Any problem can be solved by adding another level of indirection... :)

2009-03-02 09:05:40

by Jeremy Fitzhardinge

[permalink] [raw]
Subject: Re: [PATCH] xen: core dom0 support

Nick Piggin wrote:
>> I wouldn't say that KVM is necessarily disadvantaged by its design; its
>> just a particular set of tradeoffs made up-front. It loses Xen's
>> flexibility, but the result is very familiar to Linux people. A guest
>> domain just looks like a qemu process that happens to run in a strange
>> processor mode a lot of the time. The qemu process provides virtual
>> device access to its domain, and accesses the normal device drivers like
>> any other usermode process would. The domains are as isolated from each
>> other as much as processes normally are, but they're all floating around
>> in the same kernel; whether that provides enough isolation for whatever
>> technical, billing, security, compliance/regulatory or other
>> requirements you have is up to the user to judge.
>>
>
> Well what is the advantage of KVM? Just that it is integrated into
> the kernel? Can we look at the argument the other way around and
> ask why Xen can't replace KVM?

Xen was around before KVM was even a twinkle, so KVM is redundant from
that perspective; they're certainly broadly equivalent in
functionality. But Xen has had a fairly fraught history with respect to
being merged into the kernel, and being merged gets your feet into a lot
of doors. The upshot is that using Xen has generally required some
preparation - like installing special kernels - before you can use it,
and so tends to get used for servers which are specifically intended to
be virtualized. KVM runs like an accelerated qemu, so it easy to just
fire up an instance of windows in the middle of a normal Linux desktop
session, with no special preparation.

But Xen is getting better at being on laptops and desktops, and doing
all the things people expect there (power management, suspend/resume,
etc). And people are definitely interested in using KVM in server
environments, so the lines are not very clear any more.

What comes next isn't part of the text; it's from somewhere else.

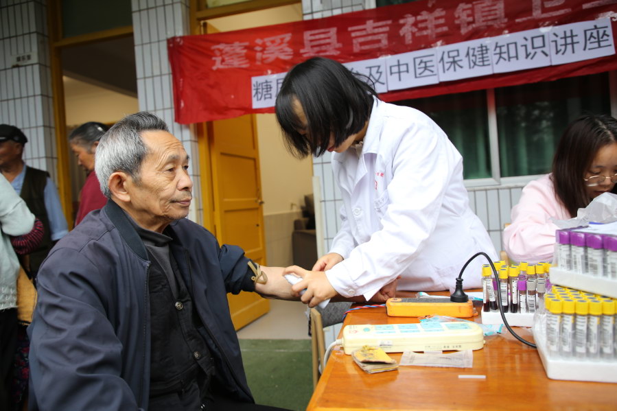 上午10点,三合碑社区的孝老文化广场上,16张圆桌整齐排开。老人们早早来到现场,满脸笑意,大家一边品茶聊天,一边欣赏精彩演出;安居区人民医院的医务人员正贴心为老人测量血压、检测血糖。

(Of course, we're completely forgetting VMI in all this, but VMware seem
to have as well. And we're all waiting for Rusty to make his World
Domination move.)

> (is it possible to make use of HW
> memory virtualization in Xen?)

Yes, Xen will use all available hardware features when running hvm
domains (== fully virtualized == Windows).

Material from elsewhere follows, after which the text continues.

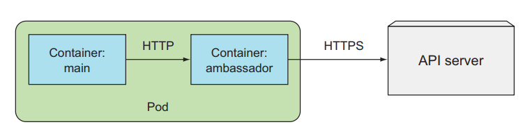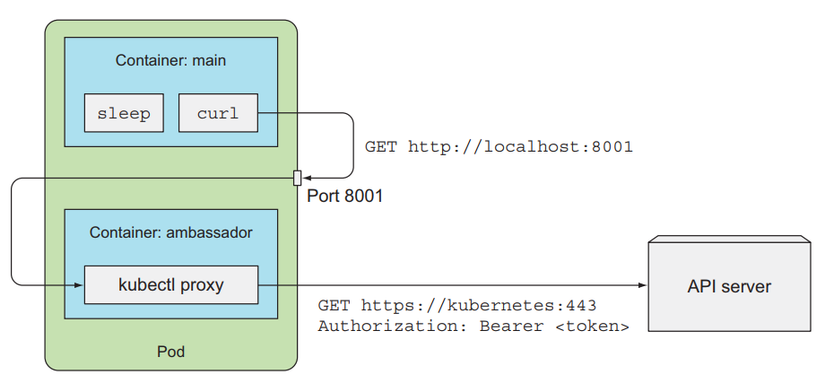 Instead of having to do a lot of things like using ca.crt and using token files, we can use a pattern called ambassador. This pattern will deploy an additional container in the same Pod as the main container. This sub-container will be called Sidecar Container, which will support functionality for the main container. Here, this sidecar container will be in charge of authentication to the API server. The main container just needs to call the sidecar container and it will send the main container's request to the API server.

> The hypervisor is GPL, right?
>

Yep.

>>> Would it be possible I wonder to make
>>> a MMU virtualization layer for CPUs without support, using Xen's page
>>> table protection methods, and have KVM use that? Or does that amount
>>> to putting a significant amount of Xen hypervisor into the kernel..?
>>>
>> At one point Avi was considering doing it, but I don't think he ever
>> made any real effort in that direction. KVM is pretty wedded to having
>> hardware support anyway, so there's not much point in removing it in
>> this one area.
>>
>
> Not removing it, but making it available as an alternative form of
> "hardware supported" MMU virtualization. As you say if direct protected
> page tables often are faster than existing HW solutoins anyway, then it
> could be a win for KVM even on newer CPUs.
>

Well, yes. I'm sure it will make someone a nice little project. It
should be fairly easy to try out - all the hooks are in place, so its
just a matter of implementing the kvm bits. But it probably wouldn't be
a comfortable fit with the rest of Linux; all the memory mapped via
direct pagetables would be solidly pinned down, completely unswappable,
giving the VM subsystem much less flexibility about allocating
resources. I guess it would be no worse than a multi-hundred
megabyte/gigabyte process mlocking itself down, but I don't know if
anyone actually does that.

J

2009-03-04 17:32:15

by Anthony Liguori

[permalink] [raw]
Subject: Re: [PATCH] xen: core dom0 support

Nick Piggin wrote:
> On Monday 02 March 2009 10:27:29 Jeremy Fitzhardinge wrote:

>> Once important area of paravirtualization is that Xen guests directly
>> use the processor's pagetables; there is no shadow pagetable or use of
>> hardware pagetable nesting. This means that a tlb miss is just a tlb
>> miss, and happens at full processor performance. This is possible
>> because 1) pagetables are always read-only to the guest, and 2) the
>> guest is responsible for looking up in a table to map guest-local pfns
>> into machine-wide mfns before installing them in a pte. Xen will check
>> that any new mapping or pagetable satisfies all the rules, by checking
>> that the writable reference count is 0, and that the domain owns (or has
>> been allowed access to) any mfn it tries to install in a pagetable.
>
> Xen's memory virtualization is pretty neat, I'll give it that. Is it
> faster than KVM on a modern CPU?

There is nothing architecturally that prevents KVM from making use of
Direct Paging. KVM doesn't use Direct Paging because we don't expect it
will not be worth it. Modern CPUs (Barcelona and Nehalem class) include
hardware support for MMU virtualization (via NPT and EPT respectively).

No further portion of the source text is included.